#### Work instructions
When you copy from the entries that follow, take only the lines from the one with "The sun slipped" down to the one with "スキージャム勝山(福井県勝山市)をメイン会場として、2025年9月28日(日)に「TOYOTA GAZOO Racing", keeping both ends and dropping every picture.

#### Source material
☆ ☆ ☆ ☆
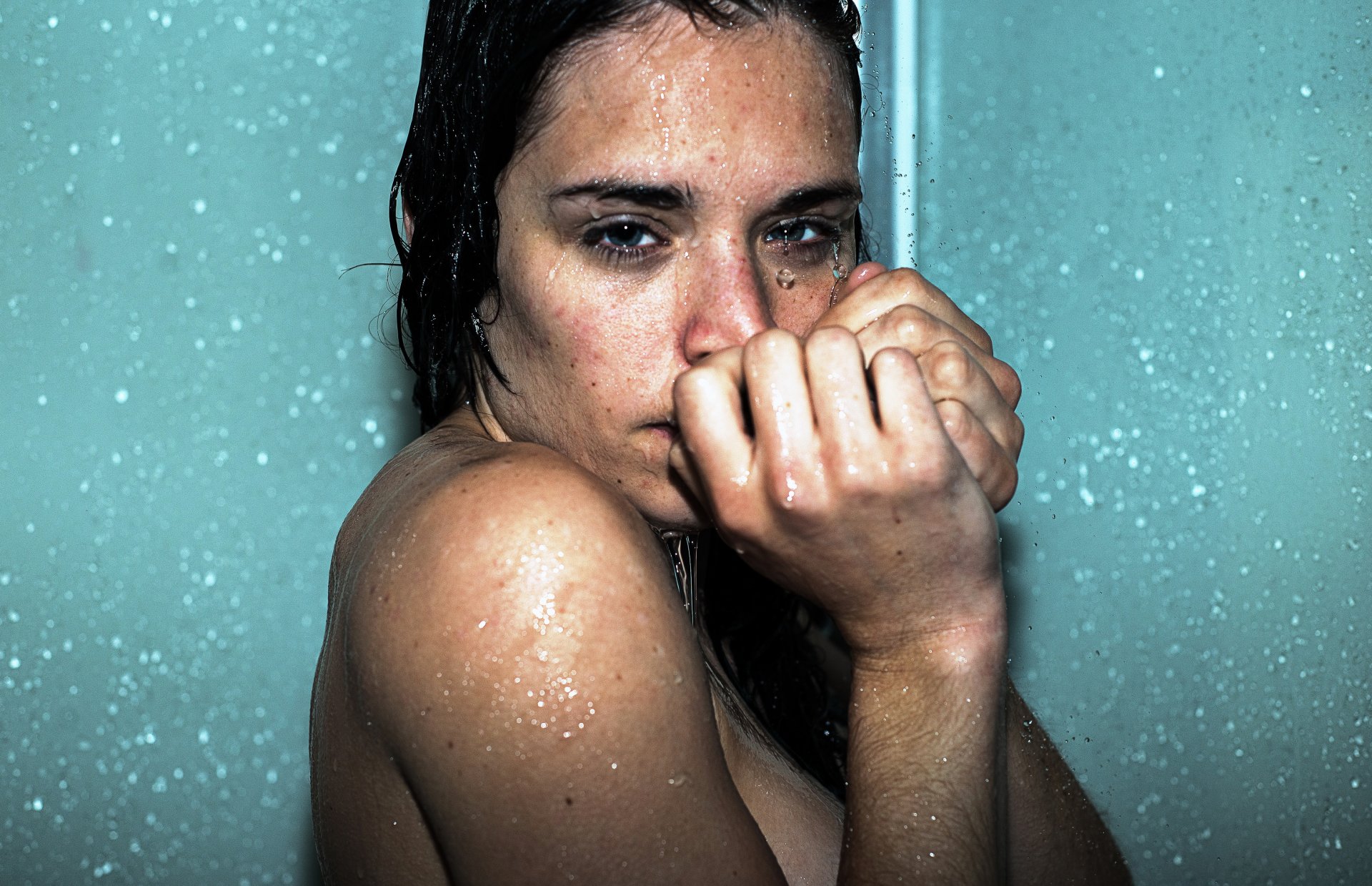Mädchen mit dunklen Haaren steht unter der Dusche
☆ ☆ ☆ ☆
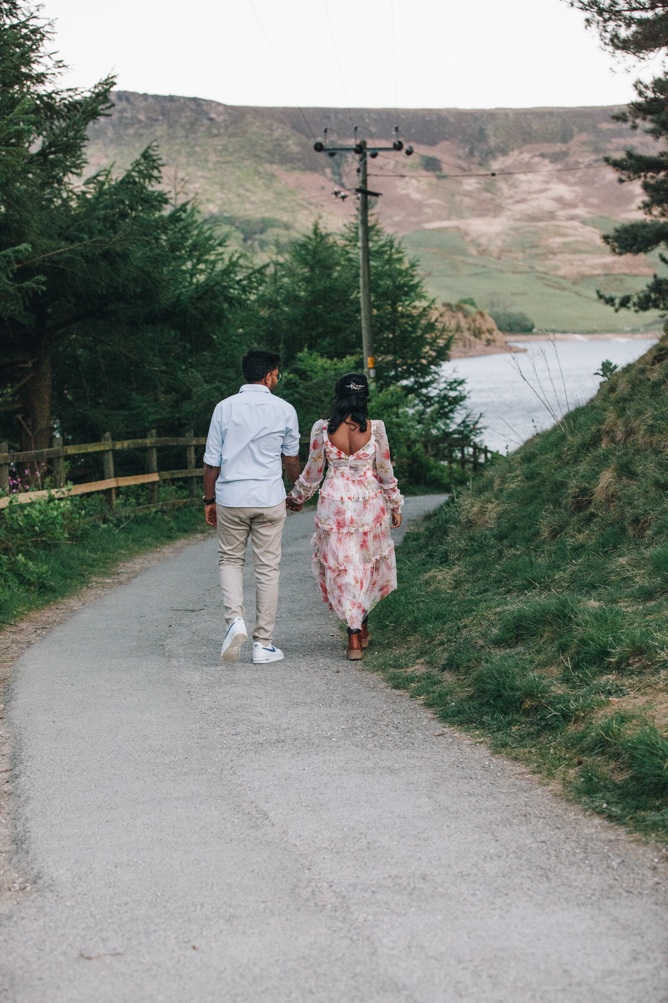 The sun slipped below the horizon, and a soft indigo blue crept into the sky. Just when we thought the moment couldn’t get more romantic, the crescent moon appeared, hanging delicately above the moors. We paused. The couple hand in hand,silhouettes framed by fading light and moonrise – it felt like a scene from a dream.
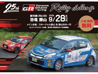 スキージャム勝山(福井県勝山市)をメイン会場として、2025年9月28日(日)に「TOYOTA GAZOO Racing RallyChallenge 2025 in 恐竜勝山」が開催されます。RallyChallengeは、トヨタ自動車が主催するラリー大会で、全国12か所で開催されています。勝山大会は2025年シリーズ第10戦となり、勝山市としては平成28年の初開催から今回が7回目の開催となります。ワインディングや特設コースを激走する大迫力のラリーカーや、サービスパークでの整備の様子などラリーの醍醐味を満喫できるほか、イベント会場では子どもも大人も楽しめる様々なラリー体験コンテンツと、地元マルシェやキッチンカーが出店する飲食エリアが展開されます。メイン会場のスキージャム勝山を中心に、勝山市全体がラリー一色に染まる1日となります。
☆ ☆ ☆ ☆
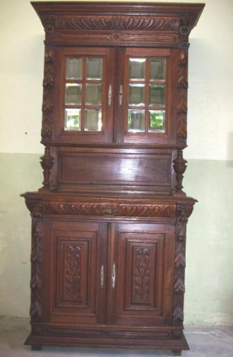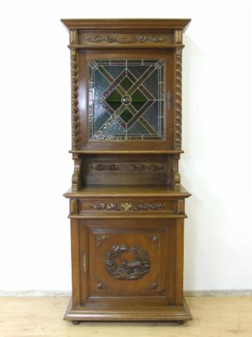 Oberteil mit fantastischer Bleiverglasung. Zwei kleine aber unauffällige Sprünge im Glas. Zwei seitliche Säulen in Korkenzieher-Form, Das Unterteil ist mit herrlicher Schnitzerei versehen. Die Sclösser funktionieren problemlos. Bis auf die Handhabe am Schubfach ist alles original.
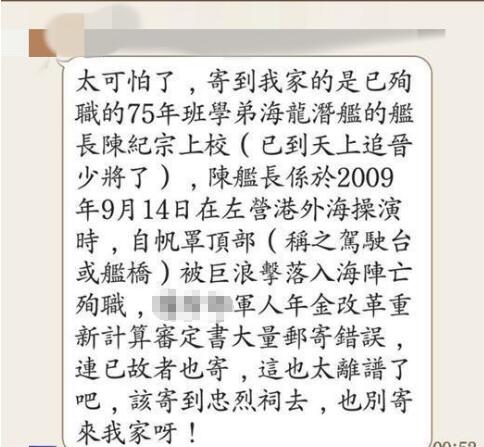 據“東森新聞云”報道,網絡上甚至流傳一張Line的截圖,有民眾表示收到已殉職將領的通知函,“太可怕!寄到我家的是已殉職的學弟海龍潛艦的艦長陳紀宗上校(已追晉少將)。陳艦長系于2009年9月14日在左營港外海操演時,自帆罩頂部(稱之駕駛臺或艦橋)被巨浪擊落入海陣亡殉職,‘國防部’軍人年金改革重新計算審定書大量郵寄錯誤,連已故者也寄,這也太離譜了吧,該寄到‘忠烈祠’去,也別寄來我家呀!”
☆ ☆ ☆ ☆
#### Exercise answer
 The sun slipped below the horizon, and a soft indigo blue crept into the sky. Just when we thought the moment couldn’t get more romantic, the crescent moon appeared, hanging delicately above the moors. We paused. The couple hand in hand,silhouettes framed by fading light and moonrise – it felt like a scene from a dream.
 スキージャム勝山(福井県勝山市)をメイン会場として、2025年9月28日(日)に「TOYOTA GAZOO Racing RallyChallenge 2025 in 恐竜勝山」が開催されます。RallyChallengeは、トヨタ自動車が主催するラリー大会で、全国12か所で開催されています。勝山大会は2025年シリーズ第10戦となり、勝山市としては平成28年の初開催から今回が7回目の開催となります。ワインディングや特設コースを激走する大迫力のラリーカーや、サービスパークでの整備の様子などラリーの醍醐味を満喫できるほか、イベント会場では子どもも大人も楽しめる様々なラリー体験コンテンツと、地元マルシェやキッチンカーが出店する飲食エリアが展開されます。メイン会場のスキージャム勝山を中心に、勝山市全体がラリー一色に染まる1日となります。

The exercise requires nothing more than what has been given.